Movido por el afán de hacer justicia a la condesa y hallar los motivos de su muerte y al posible asesino, Francisco decidió iniciar una discreta investigación por su propia cuenta.
Se presentó de inmediato en casa de Miguel de Goyeneche. Su última entrevista parecía haber marcado la ruptura definitiva entre ellos, pero Francisco creyó que ahora tenían otra cosa más importante que resolver. La visita de Barranco pilló a Goyeneche de sorpresa.
Pensaba que el cerrajero regresaba a pedir perdón por su desencuentro y no lo esperaba tan pronto. Pero Francisco le desconcertó con otro argumento bien diferente.
—Don Miguel, tengo la sospecha fundada de que la condesa de Valdeparaíso ha muerto envenenada.
—¡Qué dices, Francisco! Ten cuidado con tus palabras. No debes andar lanzando rumores y acusaciones infundadas. Si el conde de Valdeparaíso se entera, podría costarte muy caro.
—Lo sé, pero ya no me importa. Hay algo superior que me empuja a aclararlo todo. Me cueste lo que me cueste —aseveró con aplomo Francisco—. Y a eso he venido…
—¿A qué exactamente…?
—Sé por la doncella que el último libro que manejó la condesa era un regalo vuestro, salido de vuestra imprenta. Creo que murió al tocar con sus dedos un veneno, que llevó a su boca con el inocente gesto de chuparse el dedo para pasar las páginas.
—Si lo que intentas es acusarme a mí o a mi entorno de esa muerte, vas por mal camino —contestó enfurecido Goyeneche—.
Juro por lo más sagrado que jamás hubiera hecho tal daño a María. Después del final de nuestra relación, puede que hubiera entre nosotros tirantez, distancia, incluso reproches y odios. No niego que últimamente la puse entre la espada y la pared con un chantaje que tenía que ver contigo; y que la critiqué duramente por no prestarme la suficiente ayuda en la corte, pero en el fondo la quería y la admiraba. No, Francisco, yo no he envenenado a la condesa. Si estás tan seguro del hecho, busca en otro sitio.

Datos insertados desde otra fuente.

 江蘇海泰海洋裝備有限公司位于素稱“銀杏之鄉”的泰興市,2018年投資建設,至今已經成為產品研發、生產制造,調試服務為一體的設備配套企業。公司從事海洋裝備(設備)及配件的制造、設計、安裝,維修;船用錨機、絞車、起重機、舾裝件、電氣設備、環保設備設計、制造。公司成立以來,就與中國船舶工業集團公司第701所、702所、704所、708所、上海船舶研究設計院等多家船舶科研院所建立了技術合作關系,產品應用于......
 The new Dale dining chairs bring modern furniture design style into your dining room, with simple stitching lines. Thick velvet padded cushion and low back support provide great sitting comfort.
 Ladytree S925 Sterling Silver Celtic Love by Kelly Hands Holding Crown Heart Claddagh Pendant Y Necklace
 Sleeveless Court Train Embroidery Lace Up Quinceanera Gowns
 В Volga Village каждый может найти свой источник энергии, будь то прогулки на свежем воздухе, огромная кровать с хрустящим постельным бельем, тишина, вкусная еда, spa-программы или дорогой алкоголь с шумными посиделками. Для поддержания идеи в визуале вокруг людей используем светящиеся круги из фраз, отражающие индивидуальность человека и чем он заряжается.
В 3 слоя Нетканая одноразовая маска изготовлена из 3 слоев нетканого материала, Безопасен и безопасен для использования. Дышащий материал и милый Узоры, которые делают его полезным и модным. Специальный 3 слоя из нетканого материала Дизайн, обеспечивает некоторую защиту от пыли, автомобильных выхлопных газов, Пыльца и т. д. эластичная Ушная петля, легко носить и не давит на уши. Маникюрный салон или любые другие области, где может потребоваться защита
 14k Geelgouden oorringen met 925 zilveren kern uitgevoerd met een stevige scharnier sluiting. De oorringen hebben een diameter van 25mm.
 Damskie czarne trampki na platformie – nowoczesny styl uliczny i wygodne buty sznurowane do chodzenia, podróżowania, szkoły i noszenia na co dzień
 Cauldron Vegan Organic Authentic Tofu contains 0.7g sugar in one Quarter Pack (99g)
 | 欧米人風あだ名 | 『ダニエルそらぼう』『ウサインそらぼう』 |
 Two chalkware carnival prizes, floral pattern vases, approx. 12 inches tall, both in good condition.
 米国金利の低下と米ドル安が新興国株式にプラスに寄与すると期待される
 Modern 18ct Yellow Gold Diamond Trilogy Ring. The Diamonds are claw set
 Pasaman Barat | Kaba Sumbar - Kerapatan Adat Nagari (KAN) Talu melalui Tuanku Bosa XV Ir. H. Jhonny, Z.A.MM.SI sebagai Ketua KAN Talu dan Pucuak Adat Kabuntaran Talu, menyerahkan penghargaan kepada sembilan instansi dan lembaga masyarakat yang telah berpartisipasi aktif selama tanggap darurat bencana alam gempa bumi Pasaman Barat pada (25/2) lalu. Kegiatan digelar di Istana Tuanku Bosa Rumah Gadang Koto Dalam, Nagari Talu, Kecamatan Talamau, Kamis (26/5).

—Aunque fuera cierto, lo negaríais; es evidente. No sé por qué, pero tiendo a creer que vuestro juramento es sincero.
—Si crees fehacientemente en tu teoría del veneno, te aseguro que no fue por el ejemplar que yo le regalé, o al menos no fui yo quien se lo puse. Busca otros sospechosos, Francisco —sugirió Goyeneche—. De todas formas, debió de ser alguien con conocimiento sobre sustancias, acceso a sus libros y un interés encubierto por eliminarla.
—¿Quién iba a querer hacer una cosa así? —se preguntó con desesperación Francisco.
—Lo ignoro, pero desde luego María tenía una vida solapada que nadie conocía —explicó Goyeneche, ignorando que el cerrajero había sido el único en tener acceso a ese mundo oculto de la condesa, donde el mutuo amor se había engrandecido—. Se rumorea que en su biblioteca, que están tasando para el inventario de bienes, entre los cientos de tomos había libros hasta de brujería y exorcismo. La condesa siempre fue peculiar… A lo mejor descubrió algo oculto y alguien ha querido, o robarle el secreto o evitar que lo propagase.
Los últimos comentarios de Goyeneche abrieron la mente a Francisco sobre otras posibilidades, quizás más ciertas, acerca de lo ocurrido. Tenía por delante una peligrosa tarea de desenmascarar al asesino.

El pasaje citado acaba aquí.